Nous vivons une parfaite illustration de ce que j’appelle le « malheur français ». Le plus fondamental étant l’impossibilité de parvenir par la politique à des solutions constructives. Et même, pour commencer, d’établir un diagnostic. Après presque trois mois de discussion sur la loi travail, on n’est pas même éclairé sur le point de départ, à savoir : puisque nous sommes confrontés à un problème de chômage récurrent, quelles sont les bonnes manières de lutter ? Est-il vrai que le Code du travail constitue un frein ? Comment faciliter l’embauche, changer le contrat de travail ? On n’est pas plus avancé à l’arrivée. Là est le tragique. C’est ce qui donne aux gens l’impression très démoralisante que la politique ne sert à rien, qu’on ne peut sortir de la confusion et de l’impuissance. 

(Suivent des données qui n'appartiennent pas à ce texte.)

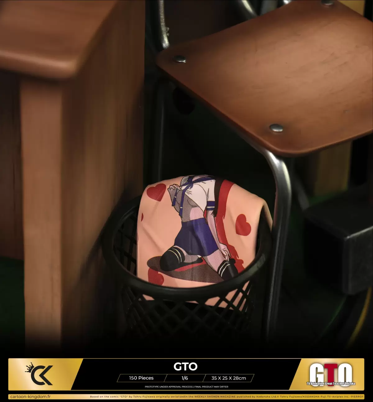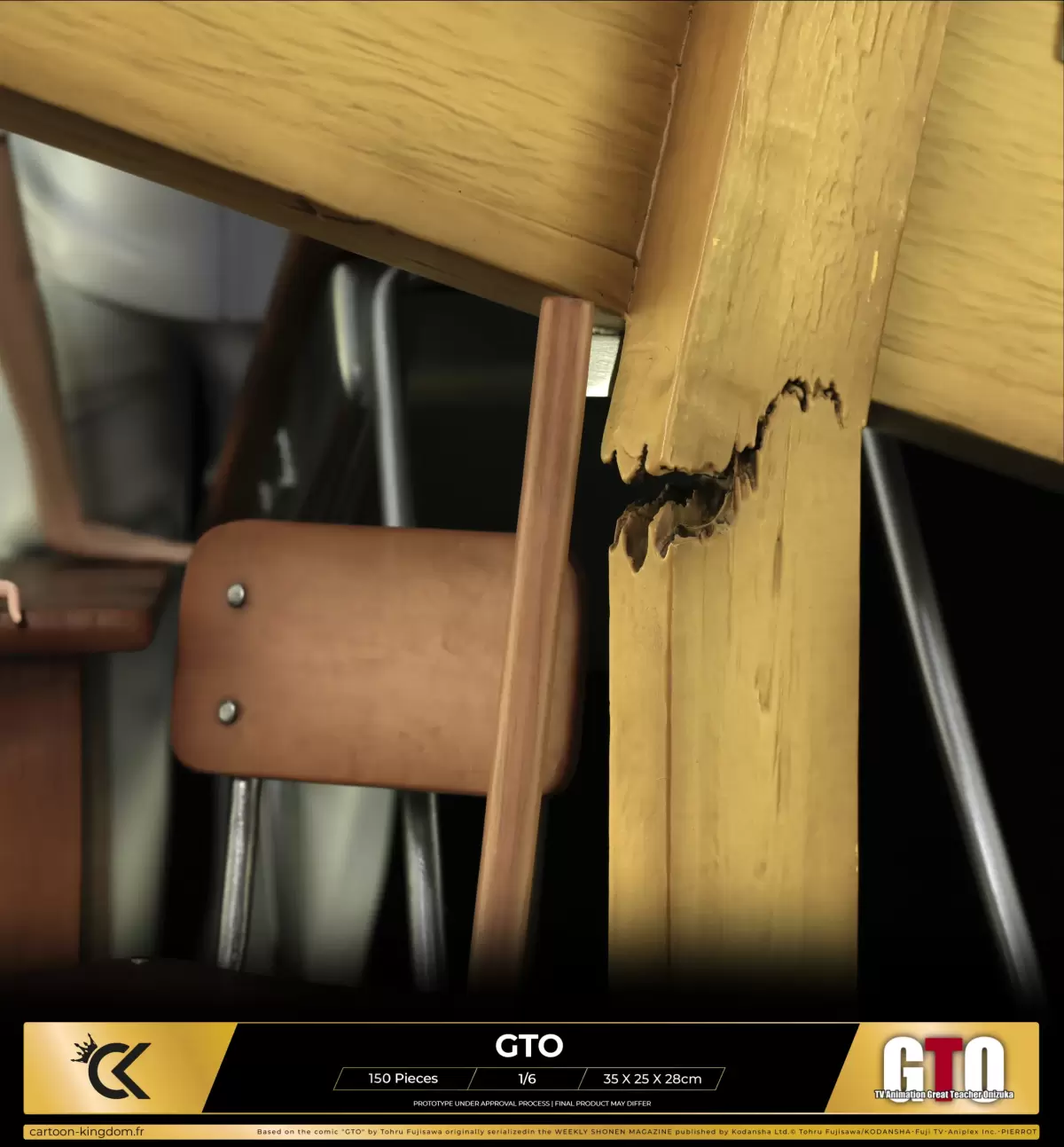 這次的雕像讓鬼塚英吉與擁有異色雙瞳、IQ 高達 200 的天才美少女「神崎麗美」一起登場,鬼塚身穿白色西裝、白皮鞋,準備點菸吊兒郎當的模樣十分經典,身穿高校制服的神崎則呈現出雙手向後支撐的坐姿,可以在場景中看到許多 GTO 的元素,包含教室課桌椅、鬼塚喜歡的內衣褲跟色情周邊,還有那張超經典的「鬼塚&訓導主任」變態合成照(大笑)。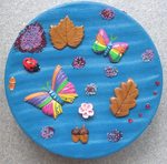 2012Ocean drum "Vlinder". Gemaakt van een kunststof schaal, versierd met gipsfiguurtjes, kraaltjes, knopen. Gevuld met gedroogde kruiden en bonen, als je de drum ronddraait krijg je een mooi geluid.

Le soutien d’une partie de l’opinion à la CGT est facile à comprendre dans notre société que l’avenir angoisse tellement, où la grande peur des Français est le déclassement – se retrouver SDF… Dès que vous prononcez le mot licenciement, vous provoquez l’anxiété collective. L’habileté des ennemis de la loi El Khomri a été d’accréditer l’idée que cette loi permettrait aux patrons de vous jeter dehors. Les sondages sont contradictoires : les gens constatent une certaine rigidité et souhaitent des allégements. En même temps, ils ont peur. La société française est une société qui a peur. Et la peur ne facilite pas le mouvement. Aucun gouvernement ne parvient à proposer une perspective qui suscite la confiance des gens. Or il faut de la confiance pour accepter de changer. La gauche de la gauche, la gauche radicale, la CGT mais aussi FO, n’ont qu’une force négative : détruire la possibilité d’une discussion collective et constructive permettant d’arriver à un point de départ clair. Pour savoir comment résoudre les problèmes, il faut être d’accord sur la manière dont ils se posent. Cette force négative rend incertaine une telle possibilité. Comment effacer l’obstacle ? Notre avenir politique est suspendu à cette question.

Les casseurs sont l’expression d’un profond problème de notre société, qui est le grand échec de François Hollande : le statut de la jeunesse. Il ne s’agit pas de vieux staliniens sortis des catacombes, mais de jeunes gens souvent déclassés. Ils ont un très grand problème d’entrée dans la vie. N’oublions pas que la grande majorité de ceux qui entrent dans la vie active est convaincue qu’elle n’aura pas de retraite. Le contrat intergénérationnel est cassé. S’y ajoute l’héritage révolutionnaire. Une certaine conviction que la violence a des vertus supérieures.

Nuit debout est très différent. C’est une invention. Ce qui est singulier, c’est l’aspiration démocratique radicale de gamins qui ont tété les valeurs démocratiques au biberon. Et qui s’étonnent en entrant dans la vie que ces valeurs ne président pas à la marche de nos sociétés ! On observe une sorte d’idéalisme et de foi dans les procédures démocratiques les plus exigeantes. Comment inventer un univers politique respectueux de l’égalité, de la liberté de parole, du caractère révocable de toute décision. C’est l’utopie démocratique. Comment inventer cette démocratie-là ? Des déconvenues sérieuses les attendent.

La suite du mouvement social en cours est très imprévisible. Mais le vrai frein réside dans l’arrière-fond : on n’a pas affaire à des innocents. La CGT, le PC, le Front de gauche ou la gauche du PS, tous sont dans un calcul politique qui va conduire à calmer le jeu en vue des prochaines élections présidentielles. Mais ils auront créé un rapport de force, comme on dit dans le langage léniniste.